30 September 2009

The Law and Lord Peter Wimsey: More of an Introduction Than an Analysis

I have recently begun rereading the Lord Peter Wimsey series by Dorothy L. Sayers. Sayers's mysteries are intricately plotted, elegantly written and feature one of my favorite literary characters. Over the course of the series Lord Peter becomes so well-drawn a character that it can be hard to remember he only ever existed on paper. (Particularly when his portrait hangs in Balliol College, Oxford, from which he was to have graduated, and he has his own memorial suite at the Park Lane Hotel, which sits on the site of his flat in London.)

Like many mysteries featuring amateur detectives, the Lord Peter books are considered "cozy" mysteries (rather than hard-boiled or police procedural, the other two main subgenres), though they do contain many descriptions of formal police work because of Lord Peter's friendship with Chief Inspector Parker of Scotland Yard. This interplay between the amateur detective and the police force is hardly unique to this series, of course. What interests me more is Sayers's inclusion of various other legal proceedings in many of the books as well. In Clouds of Witness, for example, the House of Lords assembles under antiquated procedures to try one of their own for murder, and in The Unpleasantness at the Bellona Club Lord Peter must determine who died first, a brother or a sister, in a significant inheritance matter.

My favorite of these legal storylines, however, is in Unnatural Death, which hinges on statutory interpretation. Statutory interpretation! (Sorry, geek moment.) Not only that, but the act in question is the very real Law of Property Act 1925, which is still in force today.

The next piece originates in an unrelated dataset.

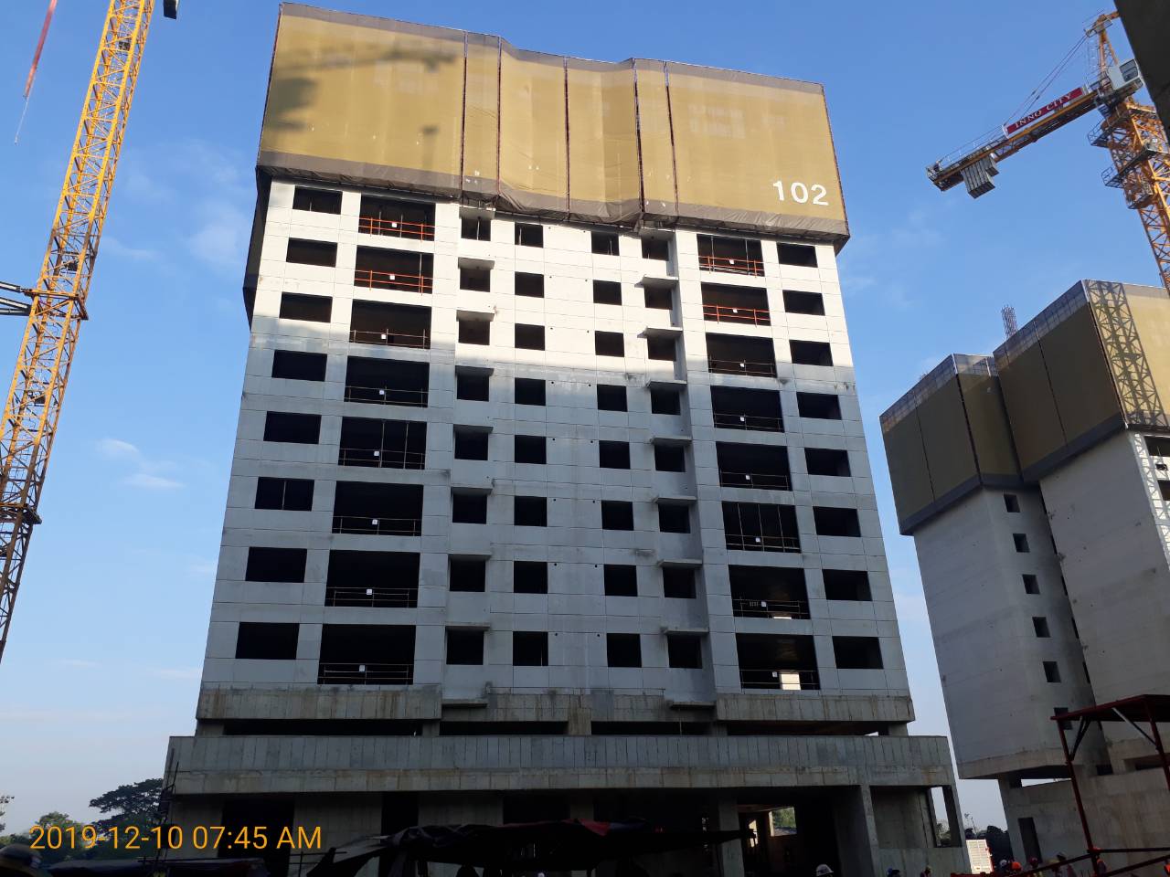 102동은 12층-13층 골조 공사중입니다.

Sayers's in-text illustration of the legal meaning of words v. their everyday meaning wouldn't be at all out of place in a first semester law course even today:

"Then again, words which are quite meaningless in your ordinary conversation may have meaning in law. For instance, I might say to a young man like yourself, 'You wish to leave such-and-such property to so-and-so.' And you would very likely reply, 'Oh, yes, absolutely' -- meaning nothing in particular by that. But if you were to write in your will, 'I leave such-and-such property to so-and-so absolutely,' then that word would bear a definite legal meaning, and would condition your bequest in a certain manner, and might even prove an embarrassment and produce results very far from your actual intentions."

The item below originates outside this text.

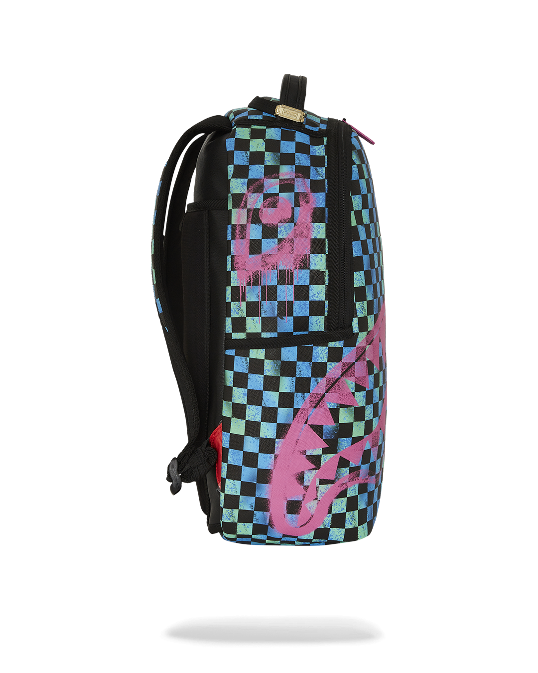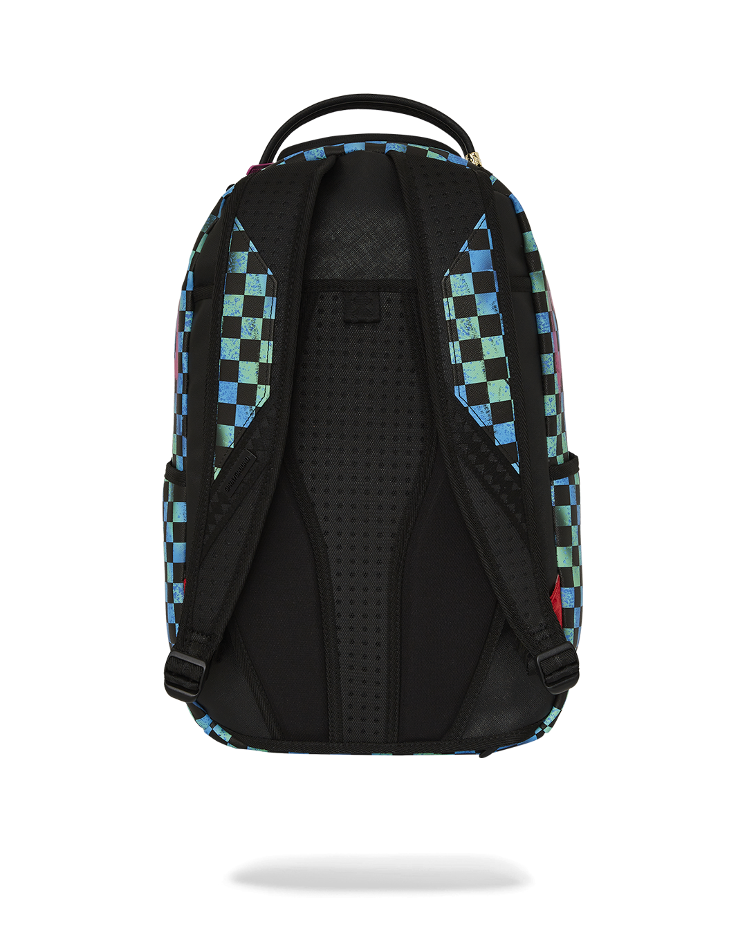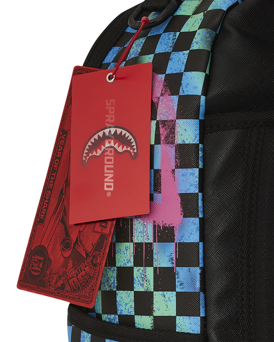 Dimensions: 18" x 6" x 11.5" • Front zipper pocket • Side pockets • Zippered Stash pocket • Separate velour sunglass compartment • Ergonomic mesh back padding • Adjustable Straps for custom sizing • Gold zippers with metal hardware • Metal "Sprayground Authentic" badge • Slide through back sleeve connects to carry-on luggage to free your hands

Just because something is classified as fiction doesn't mean it can't contain a whole lot of truth, whether about the law or human nature. The fact that I can sit down to read as an escape and garner some knowledge of real life as well delights me.

(Sidenote: For some reason, I have never really liked the first book in the series, Whose Body?, overly much. It pales next to the others somehow. I don't say this to discourage anyone from reading the series, or to taint your opinion before you even start. I'm just trying to say that if you start there -- and, honestly, they should be read in order because Lord Peter ages in real time -- and feel a bit underwhelmed, know the series only gets better from there.)